**GIVEN RECORDS**
····················

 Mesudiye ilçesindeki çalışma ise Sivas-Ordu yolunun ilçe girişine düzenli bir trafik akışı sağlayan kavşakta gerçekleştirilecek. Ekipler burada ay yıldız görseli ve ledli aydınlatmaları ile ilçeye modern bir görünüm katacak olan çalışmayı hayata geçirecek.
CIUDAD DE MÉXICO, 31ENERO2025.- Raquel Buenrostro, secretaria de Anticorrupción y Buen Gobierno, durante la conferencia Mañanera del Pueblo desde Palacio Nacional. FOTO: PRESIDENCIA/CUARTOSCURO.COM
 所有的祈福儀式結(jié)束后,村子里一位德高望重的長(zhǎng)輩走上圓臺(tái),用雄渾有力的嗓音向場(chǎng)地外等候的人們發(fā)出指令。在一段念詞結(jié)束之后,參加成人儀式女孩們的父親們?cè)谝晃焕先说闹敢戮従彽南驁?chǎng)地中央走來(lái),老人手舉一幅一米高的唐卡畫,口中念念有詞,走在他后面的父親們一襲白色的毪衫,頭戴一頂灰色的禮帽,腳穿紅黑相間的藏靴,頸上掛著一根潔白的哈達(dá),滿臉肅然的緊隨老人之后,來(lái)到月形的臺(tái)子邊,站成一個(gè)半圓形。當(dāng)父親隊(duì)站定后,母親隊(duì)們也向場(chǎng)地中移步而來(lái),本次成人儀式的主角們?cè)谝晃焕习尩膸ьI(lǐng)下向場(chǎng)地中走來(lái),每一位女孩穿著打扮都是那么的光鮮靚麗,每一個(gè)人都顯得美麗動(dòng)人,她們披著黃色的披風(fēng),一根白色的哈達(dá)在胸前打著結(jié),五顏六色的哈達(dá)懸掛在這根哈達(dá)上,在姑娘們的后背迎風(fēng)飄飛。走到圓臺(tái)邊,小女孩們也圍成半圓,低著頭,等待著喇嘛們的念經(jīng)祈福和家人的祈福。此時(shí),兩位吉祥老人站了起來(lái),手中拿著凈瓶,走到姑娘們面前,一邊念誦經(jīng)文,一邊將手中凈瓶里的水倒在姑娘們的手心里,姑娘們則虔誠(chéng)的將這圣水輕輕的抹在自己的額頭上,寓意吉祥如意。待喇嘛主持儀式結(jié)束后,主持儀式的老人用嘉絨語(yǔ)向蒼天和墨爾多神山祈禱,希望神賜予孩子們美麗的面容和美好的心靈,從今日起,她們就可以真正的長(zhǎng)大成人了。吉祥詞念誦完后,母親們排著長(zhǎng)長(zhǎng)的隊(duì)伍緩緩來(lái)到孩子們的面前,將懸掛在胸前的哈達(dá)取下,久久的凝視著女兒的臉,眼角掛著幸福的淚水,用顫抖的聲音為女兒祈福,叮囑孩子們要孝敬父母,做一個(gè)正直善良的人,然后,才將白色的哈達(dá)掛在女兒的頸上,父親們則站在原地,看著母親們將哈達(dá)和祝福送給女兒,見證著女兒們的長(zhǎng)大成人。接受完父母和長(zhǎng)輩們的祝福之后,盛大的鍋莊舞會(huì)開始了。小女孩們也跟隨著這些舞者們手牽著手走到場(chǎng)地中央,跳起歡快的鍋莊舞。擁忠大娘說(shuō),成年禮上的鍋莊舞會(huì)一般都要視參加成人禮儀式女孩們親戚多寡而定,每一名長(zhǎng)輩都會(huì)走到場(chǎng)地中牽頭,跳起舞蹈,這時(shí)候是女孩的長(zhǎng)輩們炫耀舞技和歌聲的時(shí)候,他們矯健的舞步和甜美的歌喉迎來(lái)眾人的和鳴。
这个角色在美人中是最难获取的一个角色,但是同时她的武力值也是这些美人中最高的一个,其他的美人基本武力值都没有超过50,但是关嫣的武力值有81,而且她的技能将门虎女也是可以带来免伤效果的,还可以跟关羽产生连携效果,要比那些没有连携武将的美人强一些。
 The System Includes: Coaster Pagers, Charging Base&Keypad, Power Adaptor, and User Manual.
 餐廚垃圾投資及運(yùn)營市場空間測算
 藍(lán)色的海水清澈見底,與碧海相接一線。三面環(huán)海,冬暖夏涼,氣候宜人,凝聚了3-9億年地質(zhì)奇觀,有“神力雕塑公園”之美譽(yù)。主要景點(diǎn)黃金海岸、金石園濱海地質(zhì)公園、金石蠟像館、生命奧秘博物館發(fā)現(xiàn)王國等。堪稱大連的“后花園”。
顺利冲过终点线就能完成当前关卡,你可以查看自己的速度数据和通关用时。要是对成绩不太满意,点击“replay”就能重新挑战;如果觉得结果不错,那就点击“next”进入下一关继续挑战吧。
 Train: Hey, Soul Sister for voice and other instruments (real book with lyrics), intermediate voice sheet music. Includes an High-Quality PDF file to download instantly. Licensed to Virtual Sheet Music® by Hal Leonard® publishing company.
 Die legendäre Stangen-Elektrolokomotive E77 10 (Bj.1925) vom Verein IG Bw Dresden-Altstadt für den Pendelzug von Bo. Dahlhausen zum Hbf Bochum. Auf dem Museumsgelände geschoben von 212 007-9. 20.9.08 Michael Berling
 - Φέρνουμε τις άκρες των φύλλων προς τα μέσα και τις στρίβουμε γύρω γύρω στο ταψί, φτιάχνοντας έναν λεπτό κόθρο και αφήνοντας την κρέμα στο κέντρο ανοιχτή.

····················

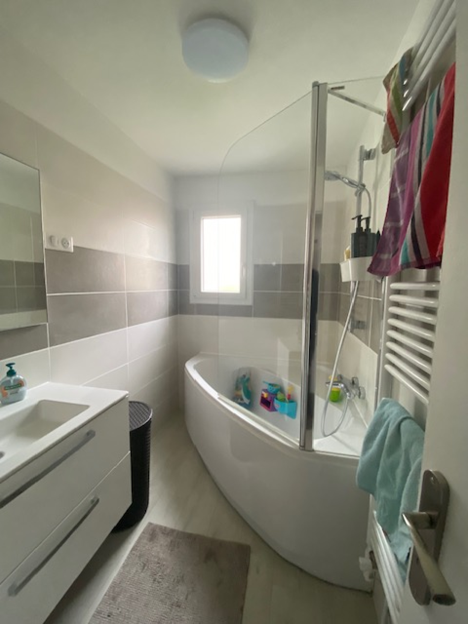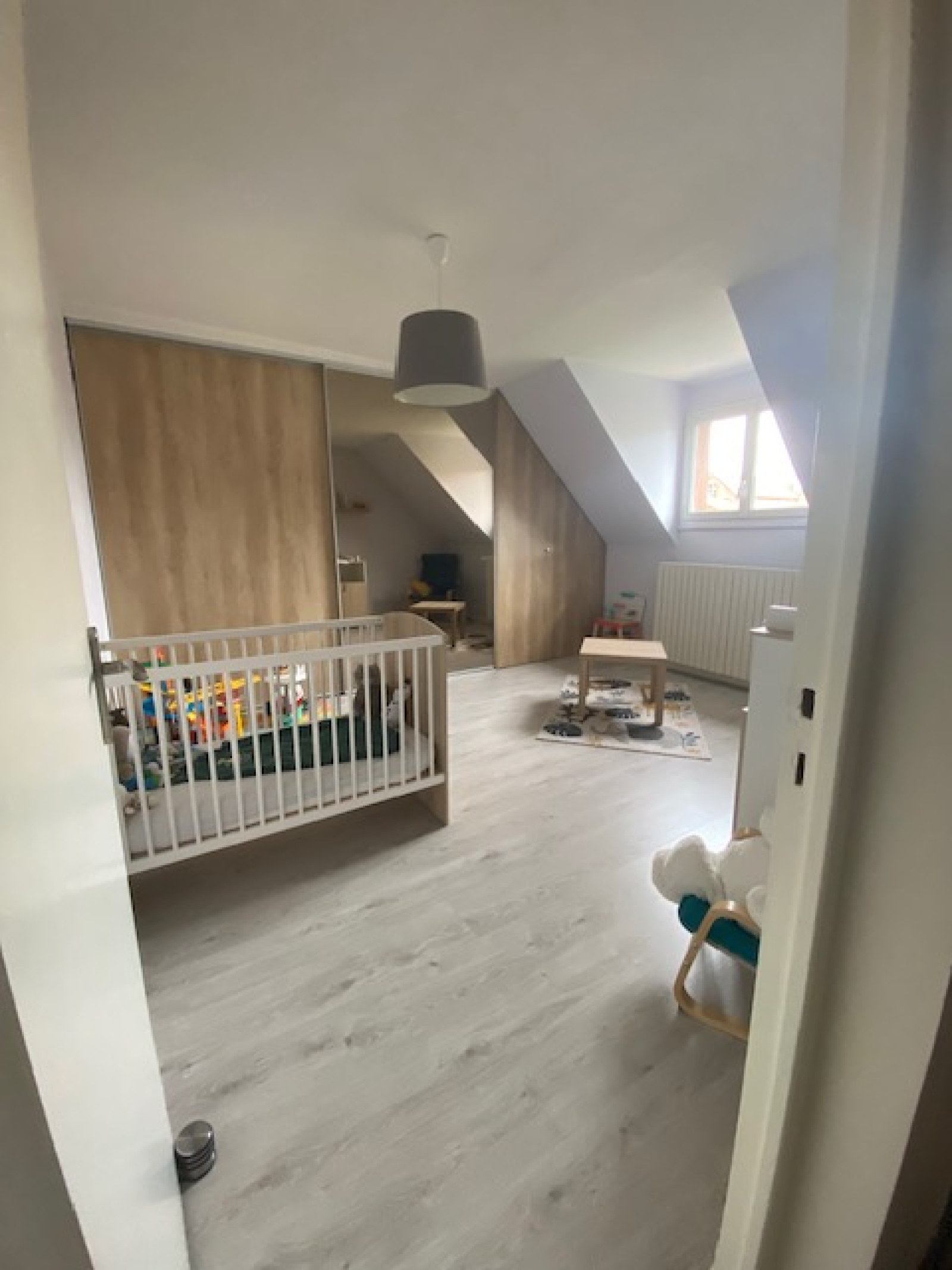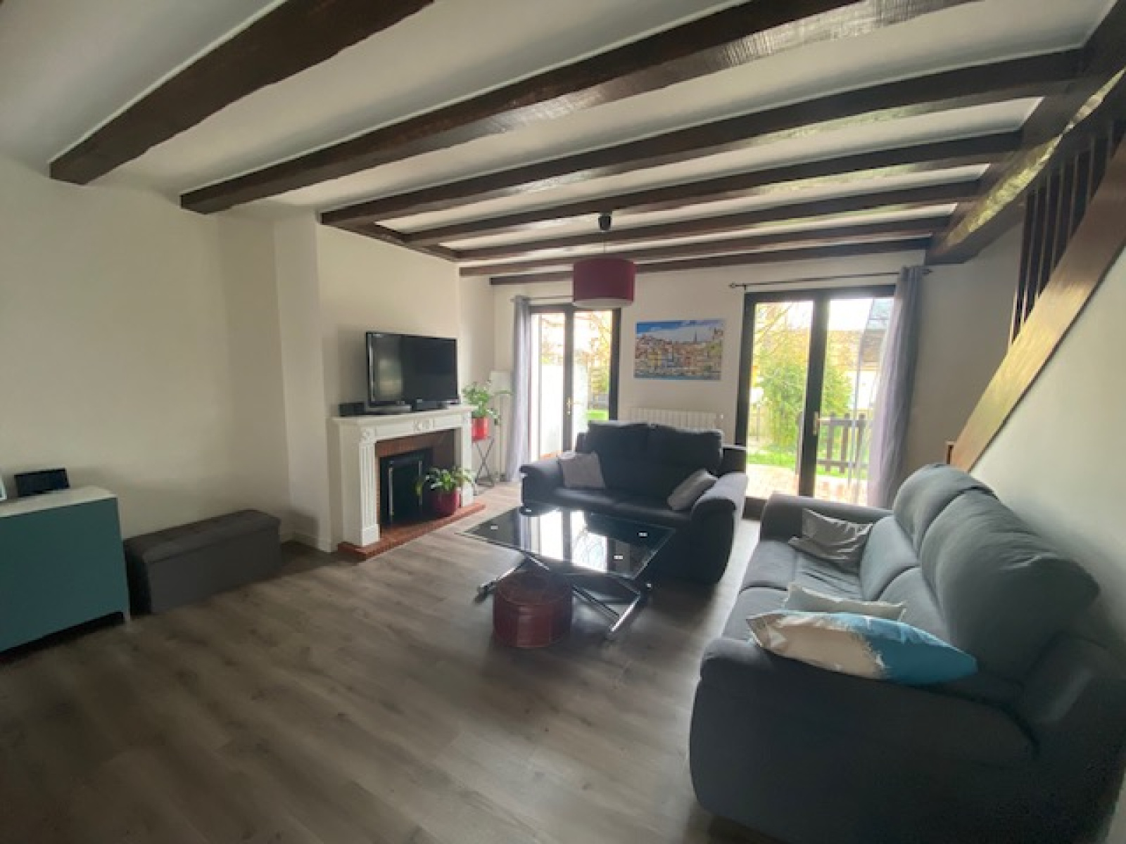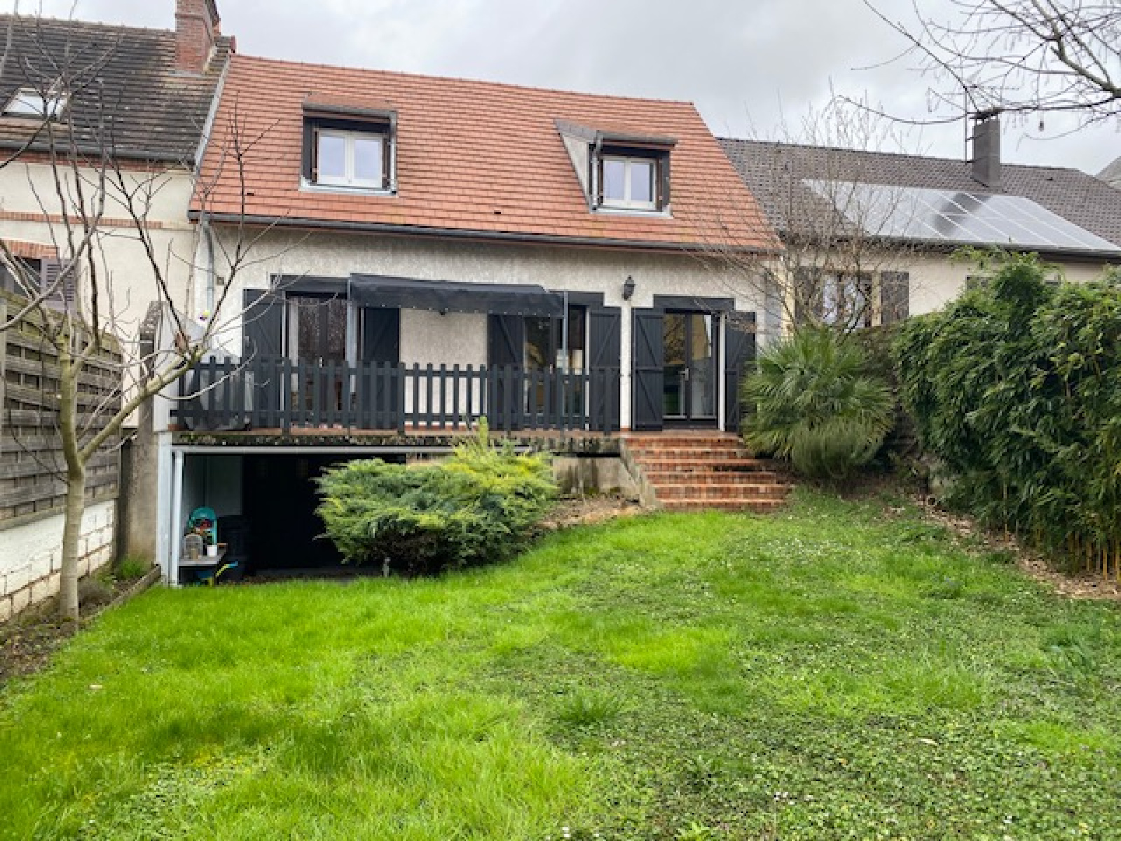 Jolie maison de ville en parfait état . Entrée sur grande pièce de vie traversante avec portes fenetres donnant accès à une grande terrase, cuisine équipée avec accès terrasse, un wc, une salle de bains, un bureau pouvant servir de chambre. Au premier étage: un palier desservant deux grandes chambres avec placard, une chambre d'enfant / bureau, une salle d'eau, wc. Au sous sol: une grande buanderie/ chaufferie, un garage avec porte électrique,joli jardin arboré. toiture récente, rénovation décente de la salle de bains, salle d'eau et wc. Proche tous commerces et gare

····················

**INSTRUCTIONS TO FOLLOW**
Out of the data above, set down the lines from the one with "Mesudiye ilçesindeki çalışma" to the one with "CIUDAD DE MÉXICO, 31ENERO2025.- Raquel", both included, exactly as written and with no additions.

**ANSWER TO THIS TASK**
 Mesudiye ilçesindeki çalışma ise Sivas-Ordu yolunun ilçe girişine düzenli bir trafik akışı sağlayan kavşakta gerçekleştirilecek. Ekipler burada ay yıldız görseli ve ledli aydınlatmaları ile ilçeye modern bir görünüm katacak olan çalışmayı hayata geçirecek.
CIUDAD DE MÉXICO, 31ENERO2025.- Raquel Buenrostro, secretaria de Anticorrupción y Buen Gobierno, durante la conferencia Mañanera del Pueblo desde Palacio Nacional. FOTO: PRESIDENCIA/CUARTOSCURO.COM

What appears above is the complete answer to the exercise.